Maintenant que toutes les jeunes étoiles ont cessé de briller et que les queues de comètes ont toutes été soigneusement léchées, on y voit enfin un peu plus clair dans la longue et sombre nuit du rock’n’roll français.
Exit la supposée nouvelle vague des nouveaux flambeurs, seuls les plus téméraires résisteront aux planches qui brûlent. N’est pas rockeur qui veut, dans ce pays qui hésite toujours entre la variété et les guitares qui crient leur nom. Bad Mama Dog, dans ce tonneau des Danaïdes, tire son épingle du jeu avec une telle aisance qu’elle en devient déconcertante.
Mais pas de méprise sur l’identité. S’ils jouent sur le territoire français, les membres de Bad Mama Dog ne sont pas pour autant des clones d’Antoine et des yéyé. Car John, le chanteur, est californien. Les années de galère, on les devine au chant déchiré, aux parties de guitare très héroïques, toutes ces parenthèses de grâce qui parcourent l’échine à l’écoute de ce premier album.
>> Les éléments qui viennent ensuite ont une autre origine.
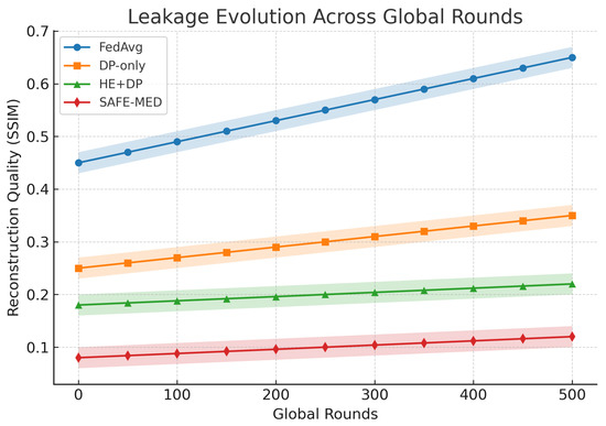 To provide a more rigorous evaluation of privacy leakage, we extended our analysis beyond cosine similarity and included Structural Similarity Index Measure (SSIM) as a standard metric of reconstruction quality. Figure 20 shows the evolution of SSIM-based reconstruction accuracy for four methods: FedAvg, DP-only, HE + DP, and SAFE-MED, across 500 global rounds. The results indicate that FedAvg suffers from consistently high leakage (SSIM ≈ 0.70), while DP-only reduces leakage but with high variance due to noise sensitivity. HE + DP achieves stronger leakage reduction (≈0.25 SSIM) but at significant computational overhead. In contrast, SAFE-MED maintains consistently low leakage (<0.15 SSIM) with stable confidence intervals, confirming robust privacy protection against reconstruction attacks over multiple rounds. These findings reinforce SAFE-MED’s ability to provide reliable resilience against gradient inversion and membership inference attacks in practical IoMT deployments.

Contraste saisissant avec les productions actuelles, le rock de Bad Mama Dog joue la carte des resto d’autoroute américains, entre le burger et les stations Texaco, quelque chose de terriblement proche du souvenir qu’on s’était fait de ZZ Top, de Led Zeppelin sur ses tournées US, la décadence des 70’ sans la nostalgie. A l’écoute de "Ships of time", c’est tout simplement le grand zeppelin acoustique qui se ressuscite sans incantation. On sait les références toujours piégeuses mais cette fois, promis, on le jure, le groupe est à la hauteur des mentors. Du moins sur cette chanson. Qui évoque tout autant le Jeff Buckley de My sweetheart the drunk, les compositions mal fignolées pas finies, l’équilibre instable sur le fil, plus yoyo que yéyé, encore.
Comme toutes les voix blanches racées, celle de John est noire, de sentiments et d’influences. Il y a du Motown, des cavalcades, l’envie de tomber et un nom d’album qui résume assez bien l’histoire ; Love gone bad. Sous les pavés la plage, l’ensemble de l’album est une merveille comme on entend tous les trois ans, à l’heure des revival quand la jeune génération n’arrive plus à suivre. Sans marquer le lundi d’une pierre blanche, ce premier album du groupe signé chez Bonus Tracks tient exactement sur deux ficelles bien tendues : la voix et la production, signée Yarol Poupaud, dans la grande tradition des parrains 70’. L’exacte période d’après les sixties, les débuts du rock de stade (Eagles, Free) lorsque les guitares grasses n’avaient pas encore été remplacées par des tessons de bouteille (Sex Pistols) et autres synthés. Par ici un clin d’œil à Hendrix ("Low and divine", pastiche subtil de l’Electric Ladyland), par là de vraies compositions originales trempées dans le sable ("Love gone bad", la chanson éponyme) et au centre une voix qui couine, se tord, ondule comme un félin à la nuit tombée.
Les métaphores peuvent bien s’empiler sur le bureau que le constat s’avère déjà définitif : production incroyablement parfaite, groupe au summum, compositions éblouissantes de maturité et rage contenue ; le premier (gros) œuvre de Bad Mama Dog est l’album indispensable d’un été qui s’annonce pluvieux. Rain and tears.